Problem to work on: An exact copy of all the data is required, with pictures left out.

Data block:
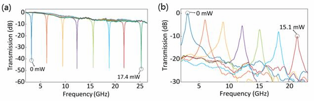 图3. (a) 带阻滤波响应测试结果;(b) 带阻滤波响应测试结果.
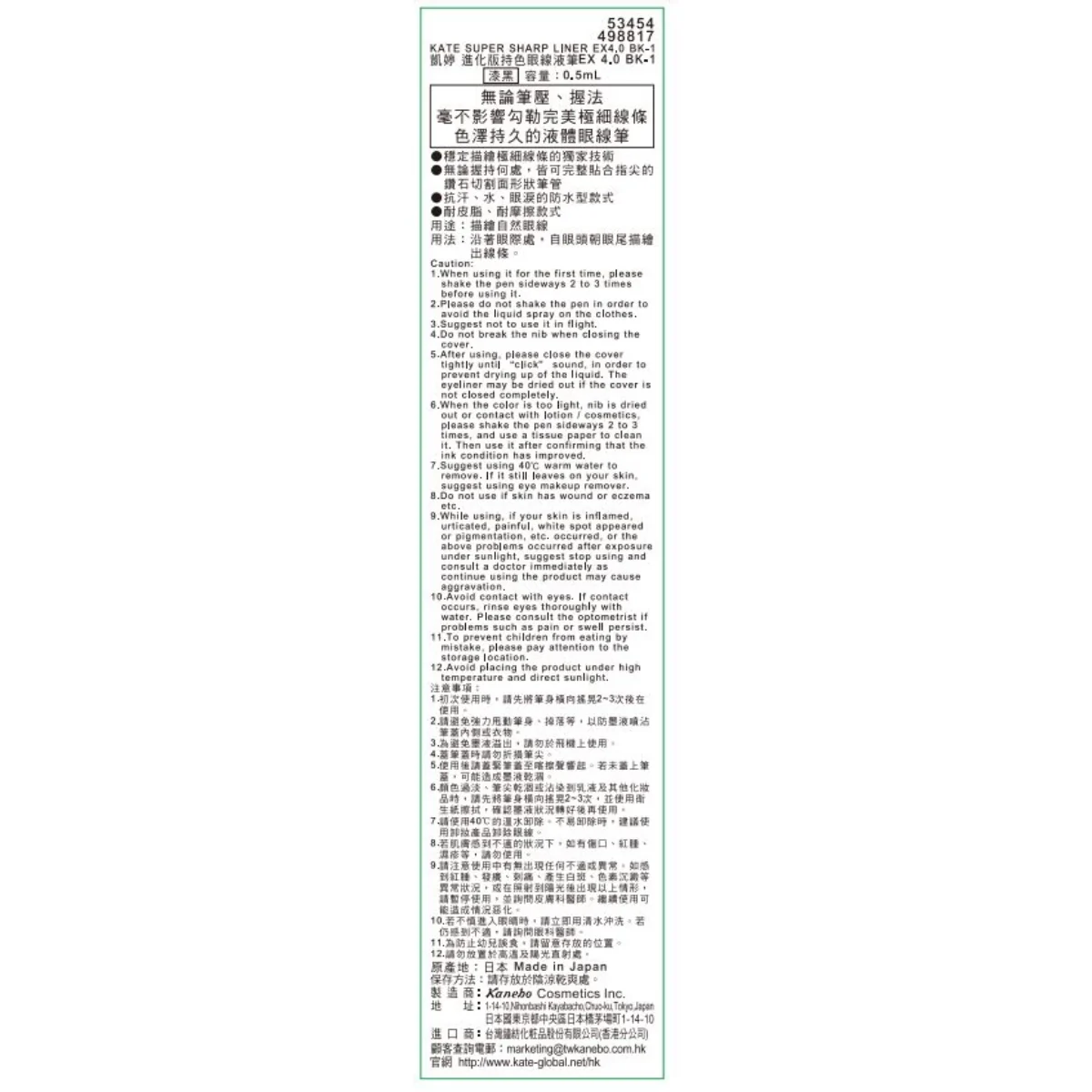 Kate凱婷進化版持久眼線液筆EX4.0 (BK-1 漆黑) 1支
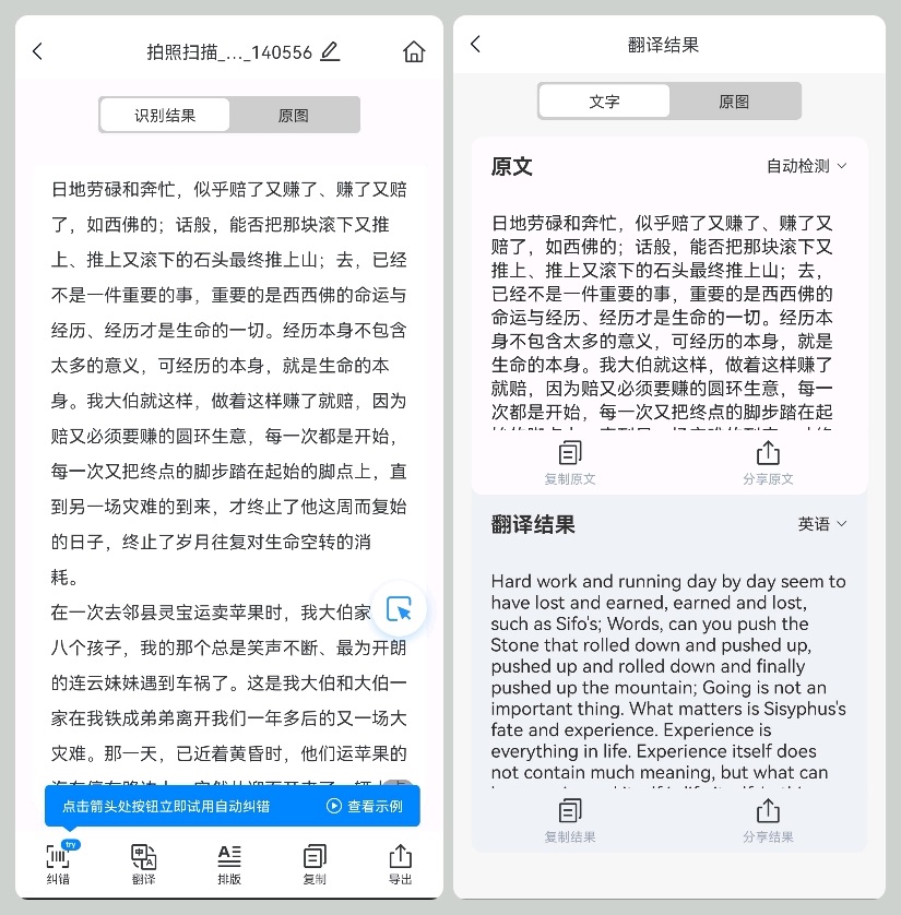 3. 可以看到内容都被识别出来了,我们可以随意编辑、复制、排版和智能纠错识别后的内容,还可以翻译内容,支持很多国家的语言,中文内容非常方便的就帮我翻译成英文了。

The completed task:
 图3. (a) 带阻滤波响应测试结果;(b) 带阻滤波响应测试结果.
 Kate凱婷進化版持久眼線液筆EX4.0 (BK-1 漆黑) 1支
 3. 可以看到内容都被识别出来了,我们可以随意编辑、复制、排版和智能纠错识别后的内容,还可以翻译内容,支持很多国家的语言,中文内容非常方便的就帮我翻译成英文了。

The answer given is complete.